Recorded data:
• • • • •
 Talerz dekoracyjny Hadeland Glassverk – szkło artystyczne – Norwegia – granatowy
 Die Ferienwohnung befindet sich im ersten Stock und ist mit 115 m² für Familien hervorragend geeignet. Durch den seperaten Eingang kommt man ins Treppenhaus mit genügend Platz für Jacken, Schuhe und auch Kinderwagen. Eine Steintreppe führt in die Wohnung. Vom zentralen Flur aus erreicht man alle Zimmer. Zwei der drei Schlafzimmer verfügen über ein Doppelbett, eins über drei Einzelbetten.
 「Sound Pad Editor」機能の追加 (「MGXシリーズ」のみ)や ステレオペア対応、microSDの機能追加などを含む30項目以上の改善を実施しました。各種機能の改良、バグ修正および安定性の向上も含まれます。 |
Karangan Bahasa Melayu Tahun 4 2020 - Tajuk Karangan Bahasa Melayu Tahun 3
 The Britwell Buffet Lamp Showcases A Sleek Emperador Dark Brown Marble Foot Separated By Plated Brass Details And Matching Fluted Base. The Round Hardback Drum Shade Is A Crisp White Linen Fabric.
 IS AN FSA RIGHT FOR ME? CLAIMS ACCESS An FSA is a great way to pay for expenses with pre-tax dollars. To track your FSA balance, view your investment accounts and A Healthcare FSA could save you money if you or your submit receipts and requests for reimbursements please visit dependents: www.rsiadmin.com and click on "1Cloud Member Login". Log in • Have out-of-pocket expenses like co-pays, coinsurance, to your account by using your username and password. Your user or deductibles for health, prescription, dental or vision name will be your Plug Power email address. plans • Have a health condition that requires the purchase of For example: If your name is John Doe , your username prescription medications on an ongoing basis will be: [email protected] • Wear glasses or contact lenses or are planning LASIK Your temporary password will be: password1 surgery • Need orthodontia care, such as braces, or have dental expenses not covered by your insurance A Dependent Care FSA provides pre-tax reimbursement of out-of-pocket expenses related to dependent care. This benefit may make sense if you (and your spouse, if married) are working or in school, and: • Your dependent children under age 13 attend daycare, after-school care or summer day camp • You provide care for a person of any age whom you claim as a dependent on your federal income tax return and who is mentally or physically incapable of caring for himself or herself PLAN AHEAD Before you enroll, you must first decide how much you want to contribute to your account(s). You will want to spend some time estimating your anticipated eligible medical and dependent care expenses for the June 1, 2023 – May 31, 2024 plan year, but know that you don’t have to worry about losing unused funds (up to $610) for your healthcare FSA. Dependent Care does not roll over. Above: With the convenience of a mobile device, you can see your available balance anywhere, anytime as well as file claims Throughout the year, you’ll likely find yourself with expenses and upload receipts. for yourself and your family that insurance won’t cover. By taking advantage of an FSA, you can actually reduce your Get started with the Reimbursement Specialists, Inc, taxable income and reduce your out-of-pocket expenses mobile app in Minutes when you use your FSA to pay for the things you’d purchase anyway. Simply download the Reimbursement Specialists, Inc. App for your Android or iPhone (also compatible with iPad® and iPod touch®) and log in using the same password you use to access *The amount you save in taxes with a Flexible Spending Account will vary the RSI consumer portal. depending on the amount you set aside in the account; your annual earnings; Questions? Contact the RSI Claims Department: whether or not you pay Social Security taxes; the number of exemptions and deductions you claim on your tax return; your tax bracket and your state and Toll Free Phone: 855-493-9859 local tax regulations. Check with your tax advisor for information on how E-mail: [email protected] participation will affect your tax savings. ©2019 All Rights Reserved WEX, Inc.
• • • • •
* [What needs to be done]:
Retype, exactly and in full, the lines above from the one containing "Karangan Bahasa Melayu Tahun 4" through the one containing "The Britwell Buffet".

* [Your response]:
Karangan Bahasa Melayu Tahun 4 2020 - Tajuk Karangan Bahasa Melayu Tahun 3
 The Britwell Buffet Lamp Showcases A Sleek Emperador Dark Brown Marble Foot Separated By Plated Brass Details And Matching Fluted Base. The Round Hardback Drum Shade Is A Crisp White Linen Fabric.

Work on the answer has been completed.